Im Bezirk Brau­nau kam von den katholis­chen Geistlichen mas­siv­er Wider­stand gegen das Nazi-Regime: „Wir haben nir­gends einen solchen Wider­stand im Klerus als im Bezirk Brau­nau“, zitiert Flo­ri­an Schwan­ninger in sein­er Studie „Im Heimatkreis des Führers“ einen Gestapo-Beamten und lis­tet zahlre­iche Geistliche aus dem Bezirk auf, die von den Nazis ver­fol­gt und ver­haftet wurden.

All das und noch viel mehr wird im Film nicht erzählt. Stattdessen ein in das Südtirol­er Hochge­birge ver­set­ztes Alm­dorf, das St. Rade­gund simulieren soll, eine heile Fam­i­lie, blühende Wiesen, böse Dorf­be­wohn­er und – schwere Sym­bo­l­ik! – die Sensen, die nicht nur mähen, son­dern auch den Schnit­ter­mann ankündigen.

A Hidden Life: Die Sensen künden den Tod

A Hid­den Life: Die Sensen kün­den den Tod

In der let­zten Stunde des fast dreistündi­gen Epos dann die Ver­hand­lung vor dem Reich­skriegs­gericht wegen Wehrkraftzer­set­zung, in der Jäger­stät­ter im Film den San­itäts­di­enst als Ausweg vor der Todesstrafe ablehnt.

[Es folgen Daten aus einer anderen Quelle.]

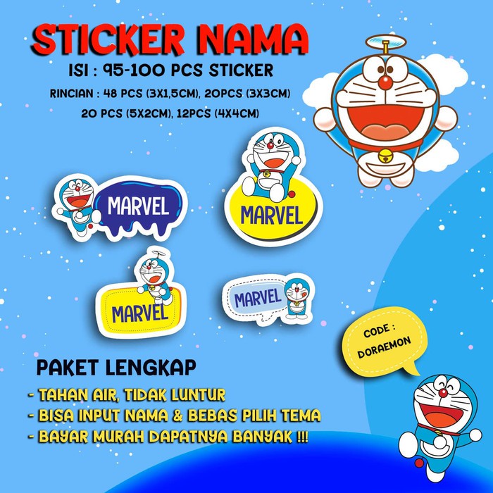 Sticker / Stiker Label Nama Karakter Tema DORAEMON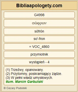 Starcy G4246 winni być G1511 ludźmi trzeźwymi G3524 , statecznymi G4586 , roztropnymi G4998 , odznaczającymi się zdrową G5198 wiarą G4102 , miłością G26 , cierpliwością G5281 . |
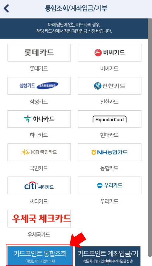 각 카드사별로 포인트를 확인할 수 있고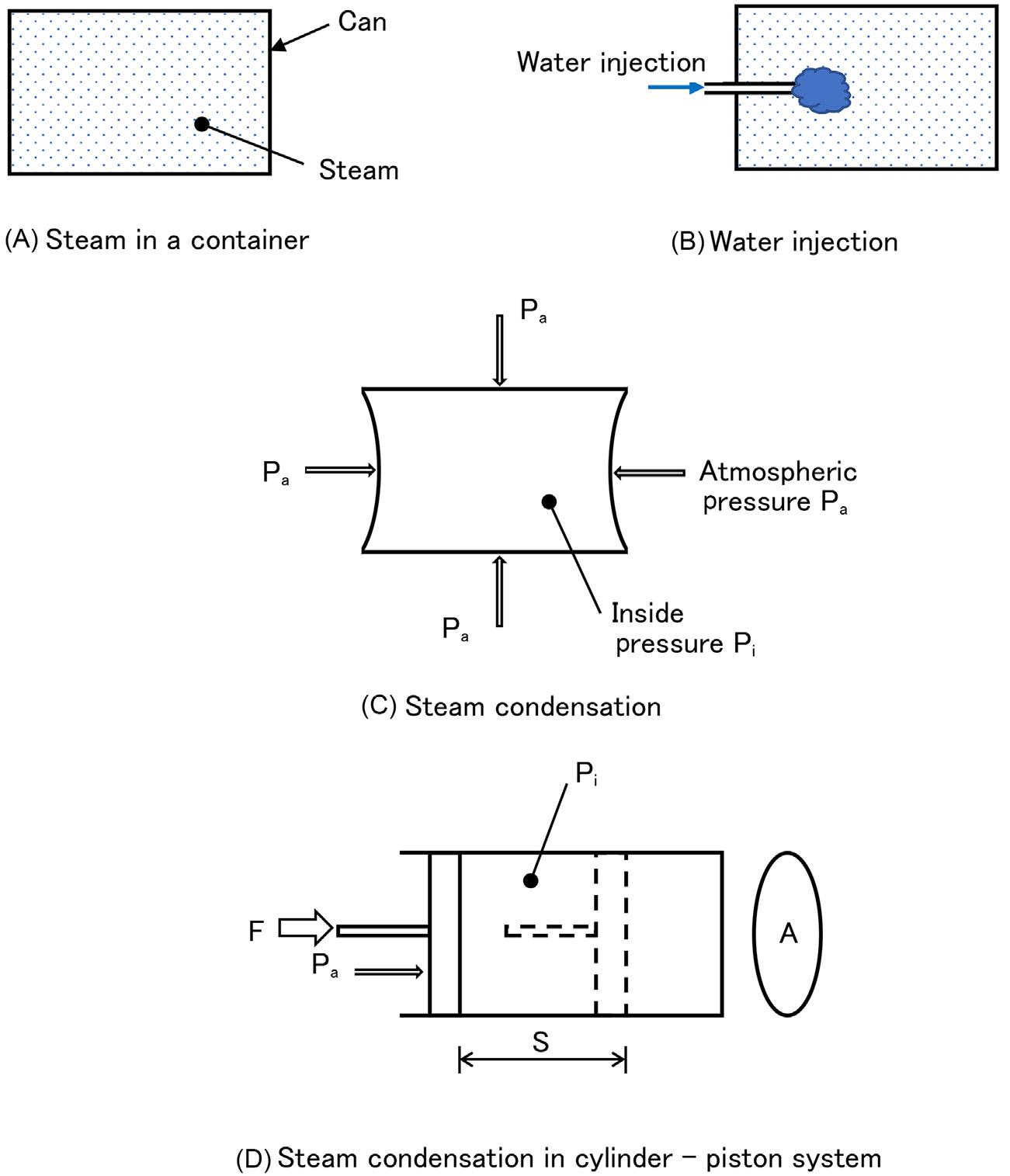 Let’sconsiderthesituationshownin Fig.1.5.Steamproducedbyburningfirewood orcoalisfilledinacansuchasA.Then,waterisinjectedinthecanasB,resultingin steamcondensation.Thepressure Pi inthecanbecomesconsiderablylowerthanthe atmosphericpressure Pa asshowninC.Thus,forceresultingfromthepressuredifferencebetween Pa and Pi actsonthesurfaceofthecanandthecanmaybecrushedin somecase.Now,supposethatthisseriesofsteamcondensationinacontainerisperformedinacylinder-pistonsystemasin D.Whenthesteaminthecylinderiscondensedandthepressureinthecylinderbecomes Pi,thepistonispushedwiththeforce.
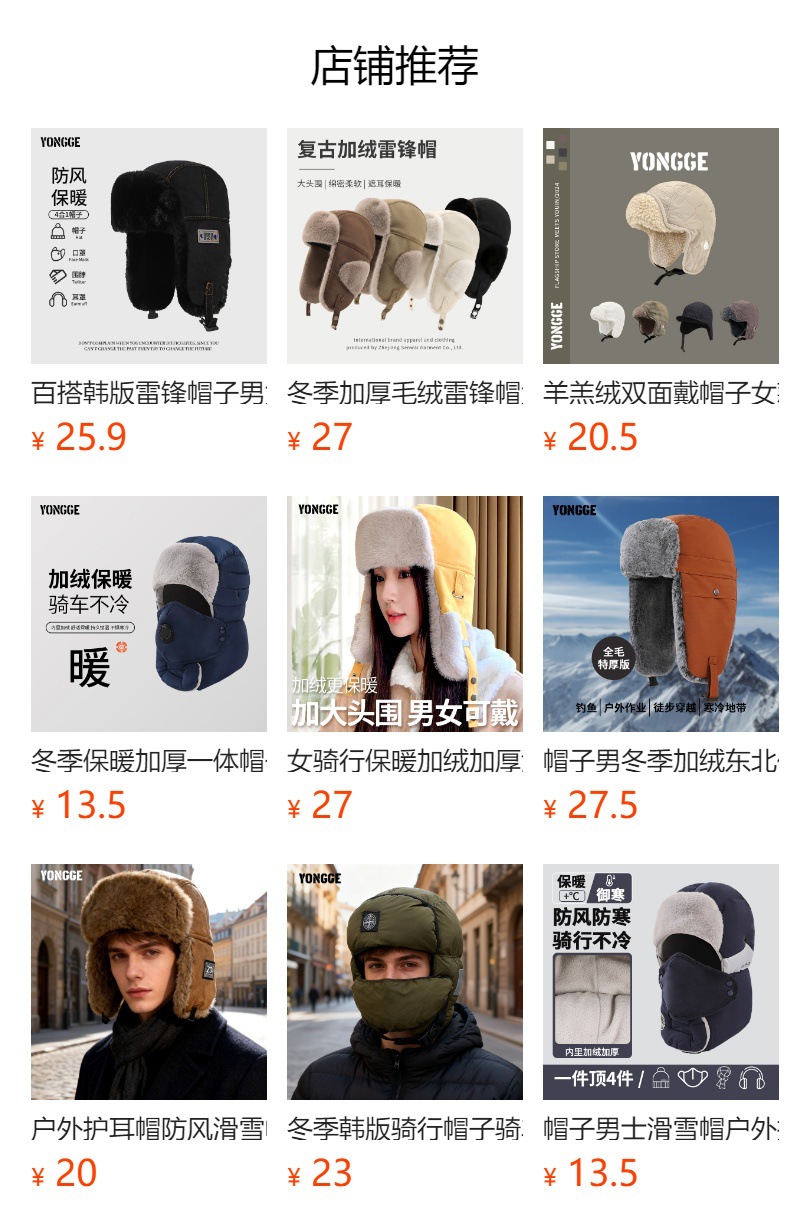 모자 남성용 스키 모자 야외 귀 보호 방풍 레이펑 모자 겨울용 면 모자 보온 파일럿 방한 라이딩 모자스토어 가기
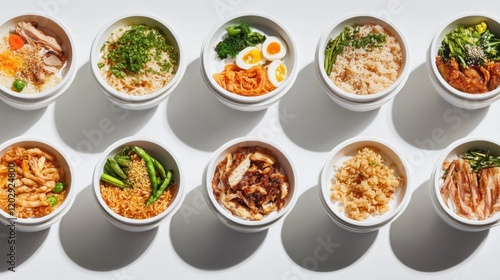 A vibrant array of gourmet dishes served in white bowls, showcasing diverse flavors and textures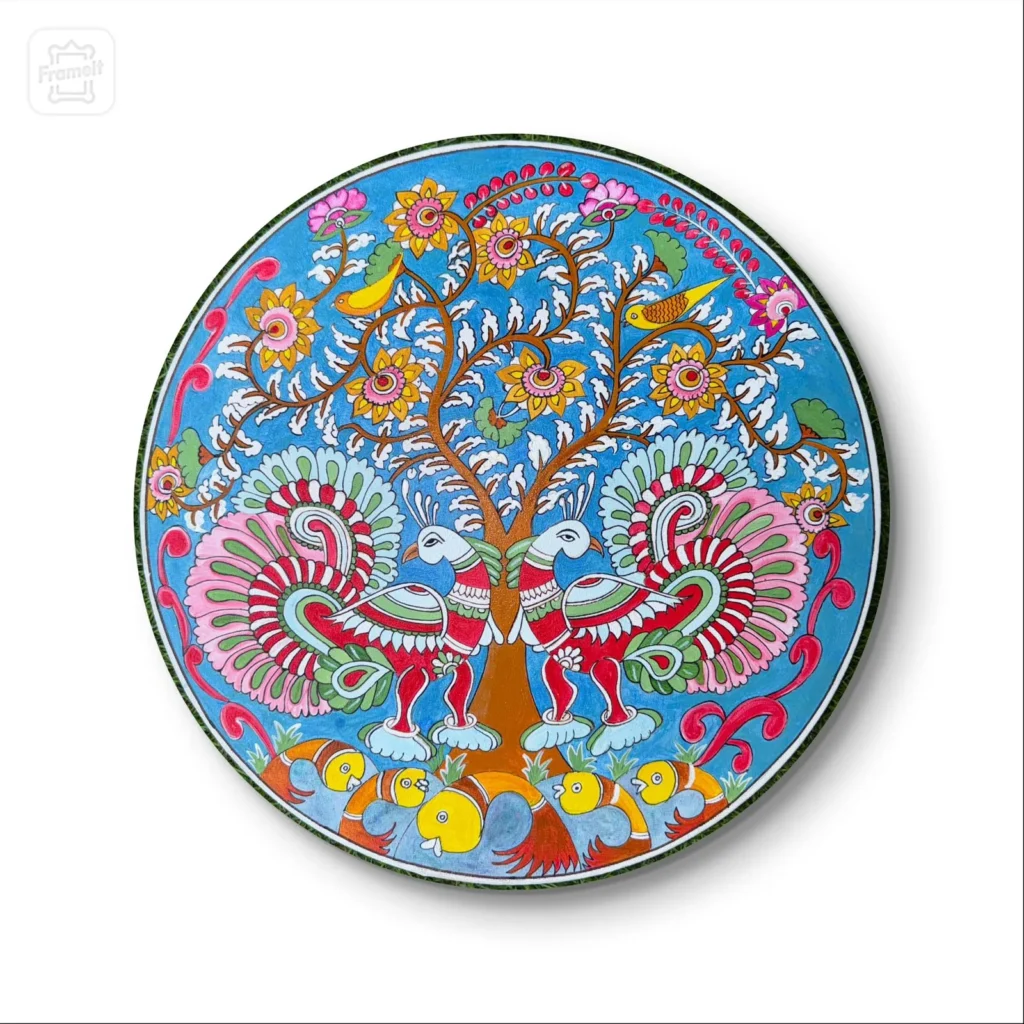 The “Cheriyal Art” painting brings to life the vibrant and detailed scroll painting tradition of Telangana. Known for its narrative style, this artwork captures folk tales and mythological stories with bold colors and expressive figures.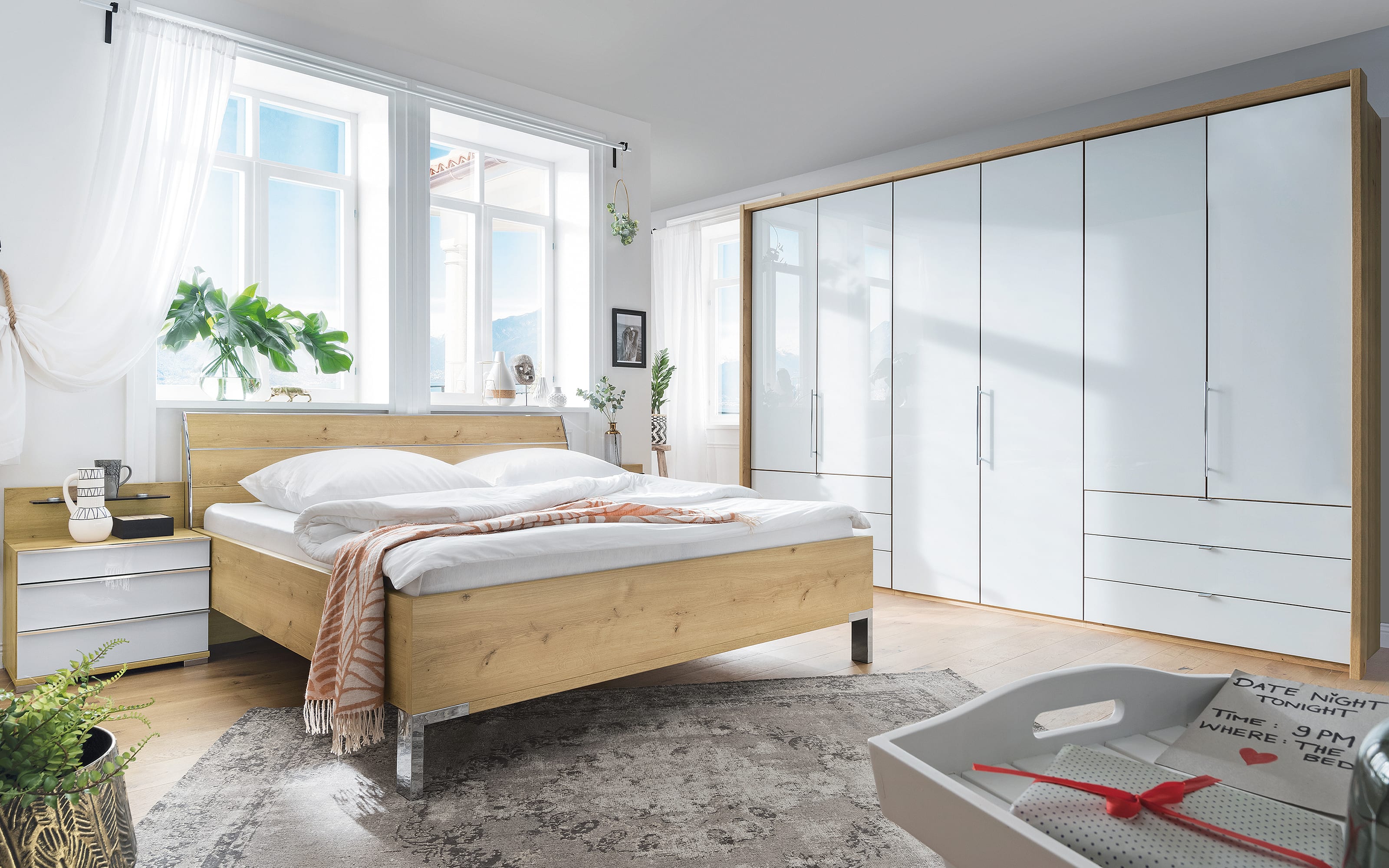 Schlafzimmer Loft, weiß/Bianco Eiche, 180 x 200 cm, Schrank 300 x 216 cm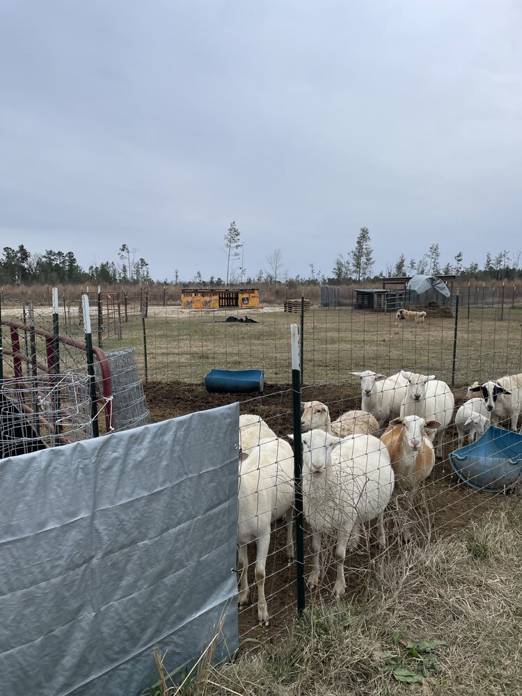 It took me all day to get this put up. I’ll have to cover the panels with some kind of wire so the lambs can’t walk under it. I have some welded wire, it may be enough. I pounded T posts, dragged panels around, zig-zagged them across the field and tied the whole thing together with hay string.

In Wirk­lichkeit war es genau umgekehrt: Jäger­stät­ter bietet den San­itäts­di­enst an, der vom Kriegs­gericht abgelehnt wird.

Die „Wehrkraftzer­set­zung“, ein von den Nazis mit Todesstrafe bedro­ht­es Delikt, wird ihm und sein­er Fam­i­lie über seinen Tod und das Nazi-Regime hin­aus vorge­wor­fen. In behördlichen Schreiben der Nachkriegszeit ist von seinem Reli­gion­swahn die Rede und davon, dass durch seine Wehrkraftzer­set­zung (ohne Anführungsze­ichen) kein Nach­weis erbracht wor­den sei, dass er der Frei­heit und Unab­hängigkeit Öster­re­ichs einen Weg bah­nen wollte. So ähn­lich tönte auch der Linz­er Bischof Fließer, der 1946 einen Beitrag über Jäger­stät­ter in der Linz­er Kirchen­zeitung mit fol­gen­der Begrün­dung ablehnte:

Ich halte jene ide­alen katholis­chen Jun­gen und The­olo­gen und Priester und Väter für die größeren Helden, die in hero­is­ch­er Pflichter­fül­lung […] gekämpft haben und gefall­en sind. Oder sind Bibelforsch­er und Adven­tis­ten, die ‚kon­se­quent‘ lieber im KZ star­ben als zur Waffe grif­f­en, die größeren Helden?

Immer­hin, dieser zynis­che Bischof kommt auch bei Mal­ick nicht gut weg. Darstel­lerisch ist der Film übri­gens bis in die Neben­rollen (z.B. Bruno Ganz in ein­er sein­er let­zten Rollen) stark beset­zt. Und ja, der Film zeigt einen Men­schen, dessen Leben nicht im Ver­bor­ge­nen bleiben darf, auch wenn Mal­ick mit seinem Film nicht wirk­lich etwas zu seinem besseren Ver­ständ­nis beiträgt. Er set­zt ihm ein Denkmal – das ist sein Verdienst.